Per il Ceo di Kaspersky Italia, Cesare D’Angelo, la sicurezza informatica non va più pensata solo come un insieme di strumenti utili a proteggere utenti e aziende ma deve tener conto della dimensione umana e culturale
di Francesco Condoluci
«ABBIAMO FONDATO LA NOSTRA SOCIETÀ E LE NOSTRE SOLUZIONI SULLA TRASPARENZA. E NON LO DICIAMO SOLO NOI, È STATO CONFERMATO PIÙ VOLTE DA TERZE PARTI INDIPENDENTI». Cesare D’Angelo ha il volto sereno e il sorriso lieve di chi sa di affermare verità documentate in maniera inoppugnabile. La tempesta perfetta che, pochi giorni dopo l’invasione russa in Ucraina, s’era scatenata contro Kaspersky, l’azienda di nazionalità russa di cui lui guida la branch italiana, è stata una prova difficile che oggi può dirsi superata. «Grazie al nostro impegno a rispettare i più alti principi di sicurezza, Kaspersky ha superato ancora una volta l’audit Soc 2, la Service Organization Control for Service Organizations Type 1, condotto da una delle società di revisione internazionale Big Four – spiega con dovizia di particolari – la valutazione indipendente ha riconfermato che il processo di sviluppo e rilascio degli AV database di Kaspersky è protetto da modifiche non autorizzate grazie a rigidi controlli di sicurezza». La certificazione ha confermato dunque che i sistemi di sicurezza dei dati di Kaspersky soddisfano le best practice del settore. Con buona pace dei detrattori che, all’indomani dello scoppio del conflitto voluto da Putin, insinuavano che i suoi popolarissimi antivirus non fossero “sicuri” solo perché provenienti da una casa madre russa. Grazie alla Global Transparency Initiative lanciata fin dal 2017, gli stakeholder possono esaminare in qualunque momento, nei Transparency Center dedicati, il codice sorgente di Kaspersky, gli aggiornamenti, le regole di rilevamento delle minacce e gli audit dei processi interni. «Vogliamo dimostrare così il continuo impegno dell’azienda alla responsabilità e trasparenza, riconoscendo che la fiducia non è scontata e deve essere guadagnata ogni giorno» chiosa il manager.
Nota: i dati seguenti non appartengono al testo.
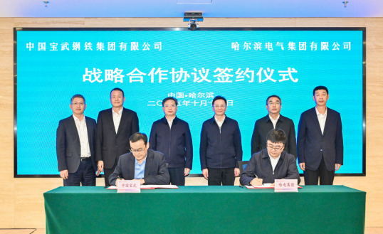 中國寶武黨委常委,寶鋼股份黨委書記、董事長鄒繼新,哈電集團黨委常委、副總經理劉軼代表雙方簽署協(xié)議。中國寶武總經理助理、鋼鐵業(yè)發(fā)展部部長吳彬,董事會秘書、辦公室主任秦鐵漢;哈電股份副總裁陳東石;雙方有關部門負責人參加活動。

Kaspersky, dalla sua nascita, vanta oltre un miliardo di cyber-minacce rilevate, ma oggi lo scenario si fa sempre più drammatico.
«È vero, il numero di attacchi informatici sta salendo esponenzialmente. Nel 2021, i nostri sistemi di rilevamento hanno registrato una media di 380 mila nuovi file dannosi al giorno, ovvero 20 mila in più rispetto all'anno precedente. Ma era uno scenario piuttosto prevedibile, poiché con l'adozione del lavoro da remoto in tutto il mondo, le attività svolte online si sono moltiplicate. E anche il numero di dispositivi utilizzati è aumentato, comportando a livello mondiale un ampliamento della superficie di attacco esposta alle minacce».
Ma è solo una questione di numeri?
No, il problema è anche nella tipologia degli attacchi, che diventano sempre più sofisticati ed efficaci, rendendo i dati aziendali esposti a minacce di ogni tipo. Nel 2021 in Italia i ransomware sono raddoppiati rispetto all’anno precedente, aumentando dell'81%. Il cryptomining, cioè l'utilizzo di software per la creazione di cryptovalute installati all'insaputa delle vittime con lo scopo di sfruttare la potenza di calcolo del loro computer, o il più tradizionale phishing sono solo alcuni degli attacchi informatici più in voga negli ultimi tempi. Attacchi che stanno diventando sempre più sofisticati e silenziosi, cioè difficili da intercettare e bloccare a causa di tecniche di offuscamento e persistenza sempre più evolute.
E le imprese come possono difendersi?
È sempre più importante che la difesa passi da uno studio non solo delle proprie vulnerabilità, ma anche e soprattutto delle nuove armi di cui dispone il cyber-crimine. Le imprese non possono più rimandare l'implementazione di prassi di sicurezza informatica. Il vantaggio non riguarda solo la protezione della propria continuità operativa, ma anche la capacità di poter continuare a competere nei mercati nazionali e internazionali. Raggiungere la cyber-resilienza significa identificare le attività critiche, gli scenari dei rischi più probabili e implementare appropriate capacità di rilevare eventi di sicurezza sospetti o anomali in tutti gli ambienti IT, prevedendo anche piani di contingency in emergenza.